Fig. 4: Imaging of α-Synuclein aggregation through liquid-liquid phase separation.

Images minimally modified from ref. ⁹⁶ with permission from Springer Nature. A α-Syn phase-separated droplets transform into fibrillar aggregates in test tubes. B Confocal images of HeLa cells overexpressing C4-α-Syn stained with FlAsH-EDT2, with quantification of the diameter of the droplets. C In-cell FRAP recovery of droplets at 24 and 48 h of treatment. The images of the pre-bleach and post-bleach droplets are shown with normalized fluorescence recovery curves.

Optogenetic approaches offered precise and controllable methods to monitor the dynamic LLPS process in real time.
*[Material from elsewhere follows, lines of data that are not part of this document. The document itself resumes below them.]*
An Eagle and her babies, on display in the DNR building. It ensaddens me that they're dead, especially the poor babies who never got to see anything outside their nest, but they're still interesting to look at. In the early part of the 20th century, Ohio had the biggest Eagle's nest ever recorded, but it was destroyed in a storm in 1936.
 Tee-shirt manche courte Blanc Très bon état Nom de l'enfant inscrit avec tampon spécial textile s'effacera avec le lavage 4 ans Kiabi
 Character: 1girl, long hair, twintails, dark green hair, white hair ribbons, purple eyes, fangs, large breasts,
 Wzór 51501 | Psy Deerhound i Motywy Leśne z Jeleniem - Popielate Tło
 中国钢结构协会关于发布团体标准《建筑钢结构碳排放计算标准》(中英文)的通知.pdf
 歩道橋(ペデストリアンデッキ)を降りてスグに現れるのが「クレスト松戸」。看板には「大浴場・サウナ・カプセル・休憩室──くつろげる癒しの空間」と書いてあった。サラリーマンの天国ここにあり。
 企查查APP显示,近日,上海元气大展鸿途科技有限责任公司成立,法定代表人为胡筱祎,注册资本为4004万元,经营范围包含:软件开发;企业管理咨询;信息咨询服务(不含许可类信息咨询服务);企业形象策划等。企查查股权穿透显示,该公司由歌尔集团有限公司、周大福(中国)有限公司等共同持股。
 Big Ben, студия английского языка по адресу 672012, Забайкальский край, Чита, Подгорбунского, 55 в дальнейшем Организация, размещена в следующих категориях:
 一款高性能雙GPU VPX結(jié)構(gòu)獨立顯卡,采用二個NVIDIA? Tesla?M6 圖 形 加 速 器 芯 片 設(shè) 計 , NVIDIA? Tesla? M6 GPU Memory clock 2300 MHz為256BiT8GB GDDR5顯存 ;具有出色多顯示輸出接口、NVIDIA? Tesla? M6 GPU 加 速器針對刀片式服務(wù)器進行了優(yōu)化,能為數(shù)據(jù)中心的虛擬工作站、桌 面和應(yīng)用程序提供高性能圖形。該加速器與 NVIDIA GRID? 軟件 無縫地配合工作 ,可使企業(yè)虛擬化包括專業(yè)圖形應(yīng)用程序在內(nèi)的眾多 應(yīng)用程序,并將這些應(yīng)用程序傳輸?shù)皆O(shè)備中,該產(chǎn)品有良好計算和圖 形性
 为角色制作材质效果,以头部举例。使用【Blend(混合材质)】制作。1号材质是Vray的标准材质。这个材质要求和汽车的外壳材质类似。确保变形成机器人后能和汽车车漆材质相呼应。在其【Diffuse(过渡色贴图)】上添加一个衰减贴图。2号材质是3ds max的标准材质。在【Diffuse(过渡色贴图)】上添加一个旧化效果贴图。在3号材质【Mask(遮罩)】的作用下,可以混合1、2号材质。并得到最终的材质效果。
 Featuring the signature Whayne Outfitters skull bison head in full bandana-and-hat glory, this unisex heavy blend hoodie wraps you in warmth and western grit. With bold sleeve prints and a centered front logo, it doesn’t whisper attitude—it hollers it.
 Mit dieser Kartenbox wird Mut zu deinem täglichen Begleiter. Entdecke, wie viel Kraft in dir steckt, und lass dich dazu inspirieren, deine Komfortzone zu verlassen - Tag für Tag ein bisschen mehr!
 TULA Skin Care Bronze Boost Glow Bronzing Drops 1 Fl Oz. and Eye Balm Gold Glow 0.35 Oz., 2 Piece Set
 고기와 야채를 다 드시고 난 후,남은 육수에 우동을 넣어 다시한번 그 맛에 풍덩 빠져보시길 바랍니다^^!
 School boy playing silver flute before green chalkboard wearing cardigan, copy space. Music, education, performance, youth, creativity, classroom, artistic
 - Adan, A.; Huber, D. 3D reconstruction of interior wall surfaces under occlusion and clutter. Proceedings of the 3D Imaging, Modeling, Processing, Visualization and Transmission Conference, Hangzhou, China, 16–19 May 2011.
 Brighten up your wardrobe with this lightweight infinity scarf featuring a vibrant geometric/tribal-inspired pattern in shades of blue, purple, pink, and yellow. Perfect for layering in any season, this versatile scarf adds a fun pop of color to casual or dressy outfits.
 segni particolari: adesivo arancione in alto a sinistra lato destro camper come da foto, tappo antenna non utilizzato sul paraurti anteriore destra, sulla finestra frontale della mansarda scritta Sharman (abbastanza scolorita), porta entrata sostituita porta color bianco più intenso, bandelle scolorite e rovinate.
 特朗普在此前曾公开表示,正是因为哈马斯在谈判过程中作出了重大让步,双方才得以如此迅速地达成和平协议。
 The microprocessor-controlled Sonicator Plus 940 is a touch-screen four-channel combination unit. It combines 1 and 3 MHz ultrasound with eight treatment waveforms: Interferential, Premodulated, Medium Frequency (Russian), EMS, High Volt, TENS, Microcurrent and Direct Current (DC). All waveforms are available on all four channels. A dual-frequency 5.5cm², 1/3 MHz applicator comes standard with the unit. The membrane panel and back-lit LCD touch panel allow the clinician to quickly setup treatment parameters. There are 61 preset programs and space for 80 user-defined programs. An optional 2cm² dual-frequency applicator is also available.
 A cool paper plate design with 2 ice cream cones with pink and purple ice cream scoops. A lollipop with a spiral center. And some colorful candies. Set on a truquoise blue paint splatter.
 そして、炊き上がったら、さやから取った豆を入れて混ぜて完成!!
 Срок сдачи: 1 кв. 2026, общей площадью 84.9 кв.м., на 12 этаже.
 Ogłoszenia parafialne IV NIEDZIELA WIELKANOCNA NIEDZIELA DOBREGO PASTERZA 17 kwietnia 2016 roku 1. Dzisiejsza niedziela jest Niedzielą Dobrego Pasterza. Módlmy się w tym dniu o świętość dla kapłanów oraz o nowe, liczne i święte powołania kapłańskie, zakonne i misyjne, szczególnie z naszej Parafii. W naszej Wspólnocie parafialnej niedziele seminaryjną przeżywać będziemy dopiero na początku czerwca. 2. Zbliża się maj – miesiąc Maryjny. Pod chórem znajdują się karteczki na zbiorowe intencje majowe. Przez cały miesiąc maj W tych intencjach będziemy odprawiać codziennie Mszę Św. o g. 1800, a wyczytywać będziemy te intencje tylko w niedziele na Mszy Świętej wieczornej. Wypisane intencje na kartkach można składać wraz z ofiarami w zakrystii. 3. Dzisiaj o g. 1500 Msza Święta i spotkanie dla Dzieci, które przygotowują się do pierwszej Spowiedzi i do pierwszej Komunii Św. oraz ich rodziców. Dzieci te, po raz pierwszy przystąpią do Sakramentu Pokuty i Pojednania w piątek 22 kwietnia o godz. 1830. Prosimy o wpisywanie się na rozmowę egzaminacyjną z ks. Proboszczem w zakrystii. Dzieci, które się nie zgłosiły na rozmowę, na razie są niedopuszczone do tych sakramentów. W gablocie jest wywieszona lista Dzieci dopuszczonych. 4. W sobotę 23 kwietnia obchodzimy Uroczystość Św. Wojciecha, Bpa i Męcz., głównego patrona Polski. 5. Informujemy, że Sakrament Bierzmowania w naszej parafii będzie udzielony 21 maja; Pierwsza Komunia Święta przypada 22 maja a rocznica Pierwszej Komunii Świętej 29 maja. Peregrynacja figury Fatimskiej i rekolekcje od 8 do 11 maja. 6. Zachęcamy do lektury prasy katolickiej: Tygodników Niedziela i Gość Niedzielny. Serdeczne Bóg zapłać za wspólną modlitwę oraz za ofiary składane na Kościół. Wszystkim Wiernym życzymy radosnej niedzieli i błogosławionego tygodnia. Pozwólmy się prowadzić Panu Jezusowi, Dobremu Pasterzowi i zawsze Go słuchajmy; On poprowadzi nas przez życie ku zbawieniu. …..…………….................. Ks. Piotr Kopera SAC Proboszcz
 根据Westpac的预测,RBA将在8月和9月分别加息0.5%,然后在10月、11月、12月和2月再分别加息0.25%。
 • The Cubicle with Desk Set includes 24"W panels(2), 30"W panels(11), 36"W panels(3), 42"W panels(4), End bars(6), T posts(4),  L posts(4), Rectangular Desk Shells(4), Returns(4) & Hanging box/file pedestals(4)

Researchers constructed light-controlled protein systems as inducible LLPS models by fusing tau with light-reactive Crye2. By exposing to specific wavelengths of light, the target proteins were induced to undergo phase separation and form aggregates, thus simulating the LLPS process within cells. Through this method, tau oligomerization and cytoplasmic granules in primary cortical neurons were driven, but rarely observed when transduced in SH-SY5Y, N2a or HEK cells, highlighting the importance of specific cellular environments on tau LLPS⁹⁷. A similar strategy was used to explore the roles of different tau functional domains in LLPS process⁹⁸.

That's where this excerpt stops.